A **graph** is a data structure that consists of a set of **vertices** (also known as **nodes** or **points**) and a set of **edges** (also known as **links** or **lines**), where each **edge** connects a pair of **vertices**. Graphs are used to represent *relationships between objects*. The objects are typically represented by vertices, and the relationships between them are represented by edges.

Formally, a graph **G** can be defined as a pair **(V, E)**, where **V** is a *set of vertices* and **E** is a *set of edges*. Each edge in **E** is a pair **(u, v)** where **u** and **v** are vertices in **V**, indicating that there is a connection between vertex **u** and vertex **v**.

### Types of graphs
Graphs can be classified into various types based on properties such as the presence or absence of direction on edges, the presence or absence of weights on edges, and the presence or absence of cycles. Some common types of graphs include:
1. **Directed Graph (Digraph)**: A graph in which each edge has a direction, indicating a one-way connection between vertices.
2. **Undirected Graph**: A graph in which edges have no direction, indicating a bidirectional connection between vertices.
3. **Weighted Graph**: A graph in which each edge has an associated weight or cost, representing some value associated with the connection between vertices.
4. **Unweighted Graph**: A graph in which edges have no associated weight or cost.
5. **Cyclic Graph**: A graph that contains at least one cycle (a sequence of vertices where a vertex is connected to its successor, forming a loop).
6. **Acyclic Graph**: A graph that does not contain any cycles.

### Terminologies
1. **Vertex (Node)**: A fundamental unit of a graph, representing an entity.
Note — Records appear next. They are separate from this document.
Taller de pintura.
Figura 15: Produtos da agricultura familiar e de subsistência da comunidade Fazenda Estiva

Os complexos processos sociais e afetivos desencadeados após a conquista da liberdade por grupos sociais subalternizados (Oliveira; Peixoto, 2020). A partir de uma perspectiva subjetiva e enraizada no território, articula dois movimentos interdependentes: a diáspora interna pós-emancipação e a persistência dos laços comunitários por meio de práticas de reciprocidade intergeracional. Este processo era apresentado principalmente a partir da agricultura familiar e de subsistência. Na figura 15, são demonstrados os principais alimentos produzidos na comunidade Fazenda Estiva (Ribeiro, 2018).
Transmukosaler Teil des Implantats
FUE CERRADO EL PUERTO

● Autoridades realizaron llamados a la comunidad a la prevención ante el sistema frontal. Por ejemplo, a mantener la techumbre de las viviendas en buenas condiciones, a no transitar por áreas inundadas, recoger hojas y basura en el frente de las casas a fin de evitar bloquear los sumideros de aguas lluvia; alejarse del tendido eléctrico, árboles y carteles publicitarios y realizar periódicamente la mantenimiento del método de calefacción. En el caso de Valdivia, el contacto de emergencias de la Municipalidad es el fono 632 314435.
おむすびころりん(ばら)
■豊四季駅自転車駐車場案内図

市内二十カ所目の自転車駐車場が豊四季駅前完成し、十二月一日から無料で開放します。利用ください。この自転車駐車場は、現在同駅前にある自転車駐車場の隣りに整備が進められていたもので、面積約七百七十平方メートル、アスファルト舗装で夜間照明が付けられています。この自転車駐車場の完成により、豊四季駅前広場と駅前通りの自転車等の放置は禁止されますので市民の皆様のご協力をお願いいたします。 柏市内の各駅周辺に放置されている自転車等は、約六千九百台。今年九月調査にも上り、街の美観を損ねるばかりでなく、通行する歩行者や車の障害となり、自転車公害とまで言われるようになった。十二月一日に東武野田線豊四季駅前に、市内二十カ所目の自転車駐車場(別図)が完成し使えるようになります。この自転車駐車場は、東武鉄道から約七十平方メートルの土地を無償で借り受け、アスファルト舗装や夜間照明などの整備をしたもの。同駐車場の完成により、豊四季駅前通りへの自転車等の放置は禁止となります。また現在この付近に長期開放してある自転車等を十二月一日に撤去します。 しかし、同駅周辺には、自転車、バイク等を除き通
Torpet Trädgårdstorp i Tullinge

In a social network, for example, vertices might represent individuals, and edges might represent relationships between them.
2. **Edge**: A connection between two vertices. Edges can have attributes such as weight (for weighted graphs) or direction (for directed graphs).
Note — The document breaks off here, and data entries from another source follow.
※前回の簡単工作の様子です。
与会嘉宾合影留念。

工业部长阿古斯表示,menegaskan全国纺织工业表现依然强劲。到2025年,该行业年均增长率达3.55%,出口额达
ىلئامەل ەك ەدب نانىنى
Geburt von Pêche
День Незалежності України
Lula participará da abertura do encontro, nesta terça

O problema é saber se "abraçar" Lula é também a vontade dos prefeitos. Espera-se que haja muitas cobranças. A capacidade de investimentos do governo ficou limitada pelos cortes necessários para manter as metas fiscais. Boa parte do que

### Various Ways to implement graphs
Graphs can be implemented using various data structures, including adjacency matrices, adjacency lists, and adjacency maps. Each has its own advantages and is suited to different types of operations and graph characteristics.
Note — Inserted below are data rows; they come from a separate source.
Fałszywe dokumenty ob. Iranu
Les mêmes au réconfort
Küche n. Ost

1. **Adjacency Matrix**: A two-dimensional array (or matrix) where each cell M[i][j] represents the presence or absence of an edge between vertex i and vertex j.
2. **Adjacency List**: A collection of lists or arrays where each vertex has a list of its adjacent vertices. This is a more space-efficient representation, especially for sparse graphs.
3. **Adjacency Map (or Dictionary)**: A mapping of each vertex to a collection (such as a list or set) of its adjacent vertices. This allows for efficient lookup of neighbors.

### Operations in graph
Operations on graphs typically involve manipulating the structure, vertices, or edges of the graph. These operations are fundamental to graph algorithms and applications. Here are some common operations performed on graphs:
1. **Add Vertex**: Insert a new vertex into the graph.
2. **Remove Vertex**: Delete a vertex from the graph along with its incident edges.
3. **Add Edge**: Create a new edge between two existing vertices.
4. **Remove Edge**: Delete an edge between two existing vertices.
5. **Get Neighbors**: Retrieve the adjacent vertices of a given vertex.
6. **isEmpty**: Checks whether a graph is empty or not, i.e., it has no vertices or edges.
7. **size**: Returns the number of vertices (or edges) in the graph, indicating its size.
8. **merge**: Combines two graphs by merging their vertices and edges into a single graph. This operation can involve resolving conflicts or maintaining consistency between the merged graphs.
9. **Depth-First Search (DFS)**: Explores a graph level by level, visiting all neighbors of a vertex before moving to the next level. It finds the shortest path from the starting vertex to every other reachable vertex.
10. **Breadth-First Search (BFS)**: Explores a graph by going as deep as possible along each branch before backtracking. It traverses along paths, exploring one branch fully before moving to the next.